There were some reports that Jack Ma, the man behind China’s e-commerce behemoth Alibaba had gone missing because he was not seen in public for at least two months. Wednesday Jack Ma just made his first public appearance in months as his tech empire continues to face scrutiny from Chinese regulators. He was last seen in public, Oct. 24, when he gave a speech in Shanghai at the Bund Summit, a gathering billed as a “an open, pragmatic and internationally influential financial high-end communication platform.”
He obliquely chided Chinese regulators for stifling innovation, and said that Chinese banks suffered from a “pawnshop mentality” given that banks, like the informal lenders of yore, still relied on a system of “pledges and collateral.” This wasn’t all bad, Ma granted. “In the old days,” he pointed out, “a pawnshop was an advanced idea. Had it not been for innovations such as pledges and collateral, there would be no financial institutions today, and the Chinese economy would not have developed over the past 40 years to such a point now.”
But the listening cadres were infuriated. On Nov. 2, Ma was summoned by Chinese authorities for questioning. The next day, the $37 billion IPO of Alibaba’s fintech arm Ant Financial—touted as a record-breaking offering—was nixed by China’s securities watchdog despite it earlier having received a green light. By late December, regulators had instructed Ant Group to restructure its operations to adhere to new anti-monopoly rules, shaving billions off its valuation.
The billionaire co-founder of Alibaba resurfaced Wednesday, in a video published by Chinese state media, after having laid low for at least two months. He was shown speaking to teachers in rural China as part of a philanthropic event. The video was published online by Tianmu News, a subsidiary of the Zhejiang government’s official newspaper. Zhejiang province is home to Hangzhou, the city where Alibaba is based.

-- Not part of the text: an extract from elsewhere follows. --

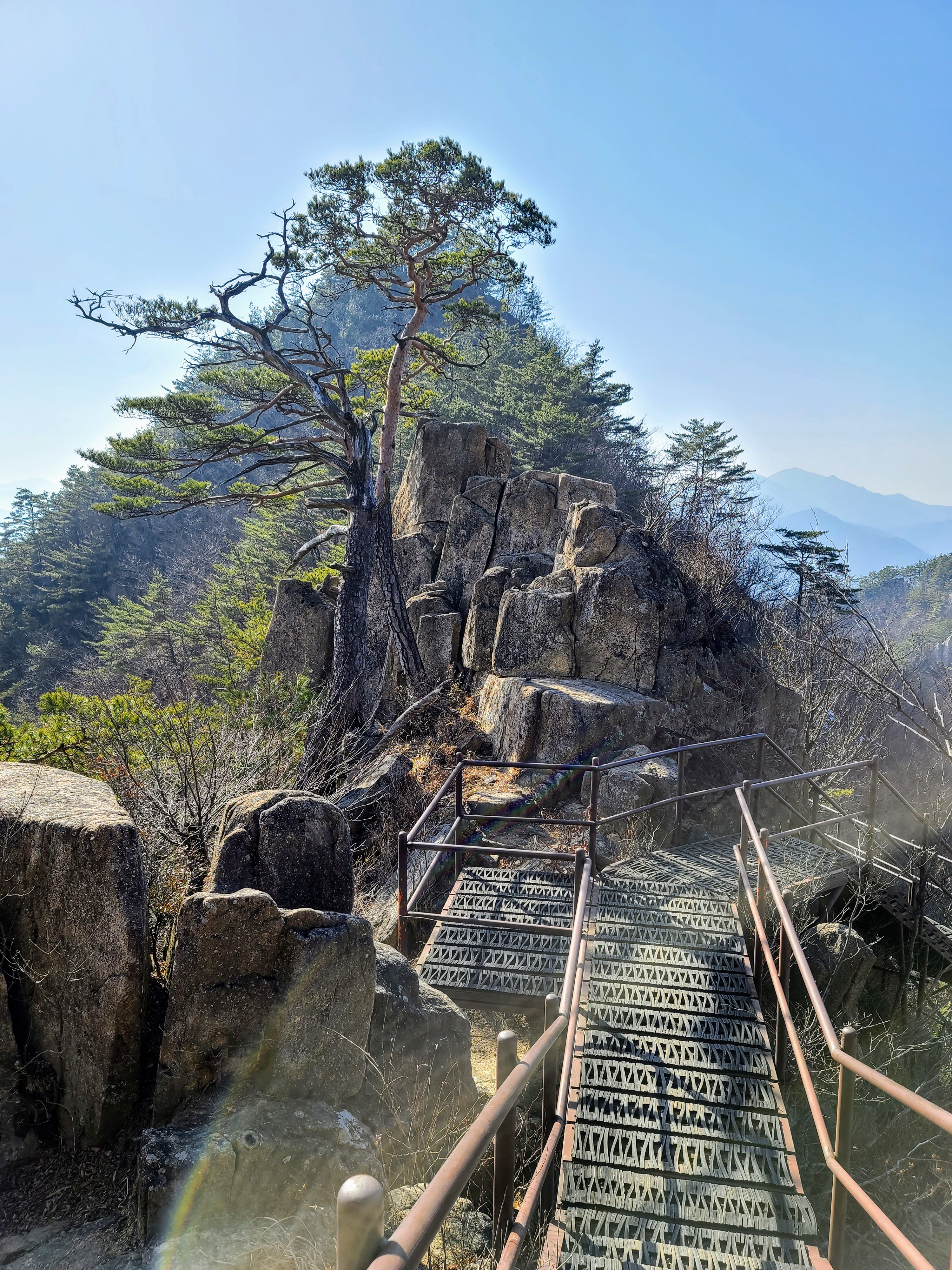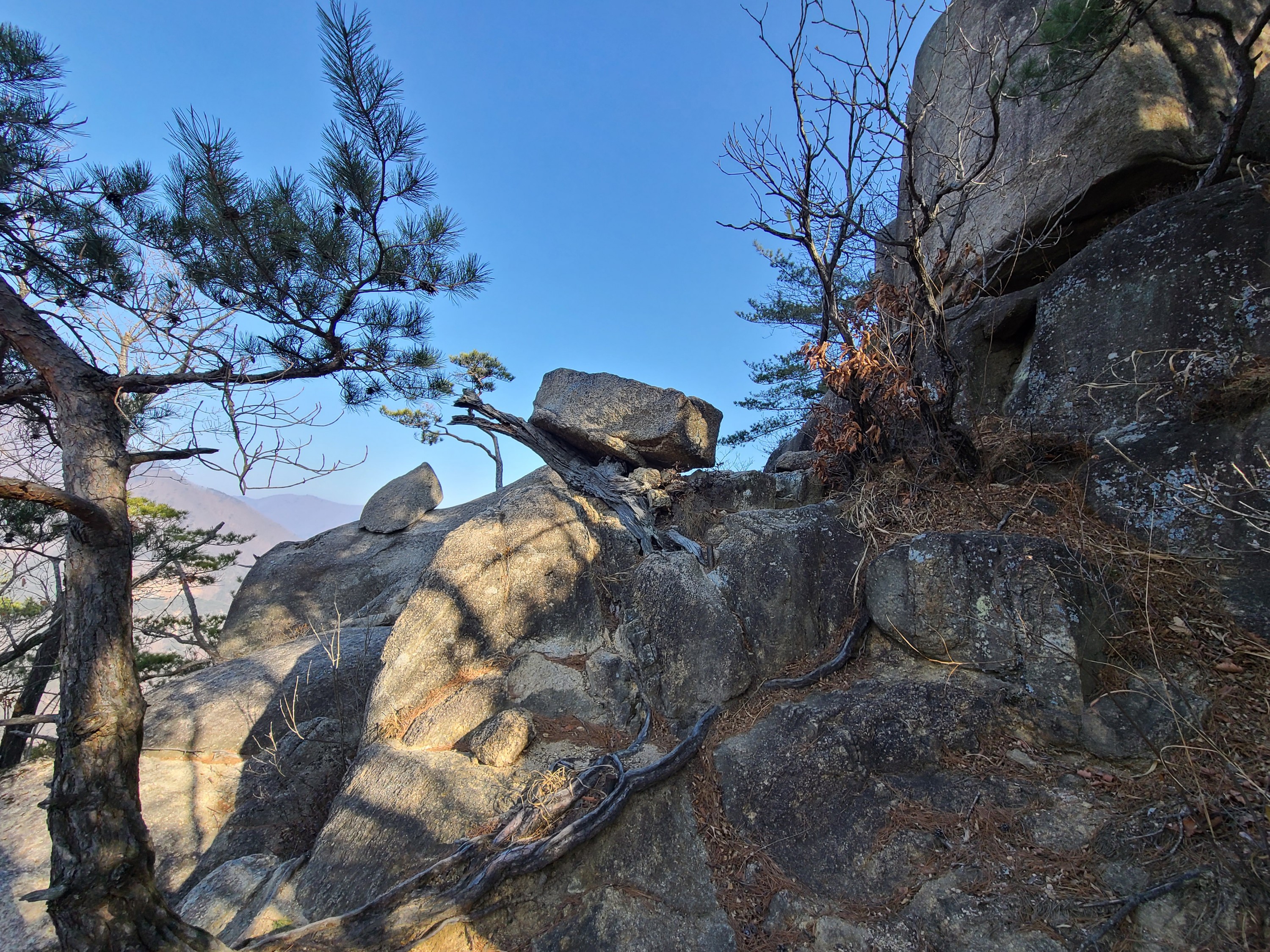 한동안 힘겹게 올라 능선에 올라서면 바위와 소나무의 조화로움에 흠뻑 빠지며 카메라 셔터를 누르기 시작하지요.

Ma had not made a public appearance or social media post since late October, just over a week before Alibaba’s financial affiliate Ant Group was scheduled to list on the Shanghai and Hong Kong stock exchanges. The IPO was blocked at the last minute by Chinese regulators, and his companies have since been targeted as part of an escalating crackdown on tech by Beijing.
Alibaba’s Hong Kong-listed shares surged more than 9% on Wednesday after the video was published. The gains put the stock on pace for its best day since last July, helping to erase some of the losses that have piled up since Ant Group’s IPO was pulled. The stock also powered a broader rally in Chinese tech stocks that trade in Hong Kong.
Reached for comment Wednesday, Alibaba referred to a statement released by the Jack Ma Foundation, his philanthropic organization. The foundation said that Ma participated in an online award ceremony Wednesday for teachers called the Rural Teacher Initiative, which it created.
Ma, a former English teacher, has made education a priority for his foundation, which he has devoted more time to since retiring from Alibaba in 2019. In the video, which Tianmu News said was filmed Wednesday morning, Ma is shown telling teachers that the traditional in-person celebration for the teaching initiative had been canceled because of Covid-19.“We’ll meet again after the epidemic is over,” Ma said in the video.
It also showed footage of Ma that it said was taken during a visit to an elementary school in Hangzhou earlier this month. Ma’s whereabouts have been the subject of intense speculation in recent weeks. As Ant Group was preparing for the world’s largest initial public offering last fall, Ma accused authorities of stifling innovation and blasted the country’s banks for having a “pawn shop” mentality. Within days, regulators summoned Ma and Ant executives to a meeting and then shelved the IPO altogether.
The event in Shanghai where Ma made those remarks was the last time he was seen in public before Wednesday — a notable absence for a man who typically has no issue with the spotlight. Alibaba is China’s most famous tech company but it faces a host of challenges that risk fundamentally changing it forever. Chinese authorities are investigating the company on antitrust grounds, while also pushing its sprawling financial affiliate, Ant Group, to overhaul its business.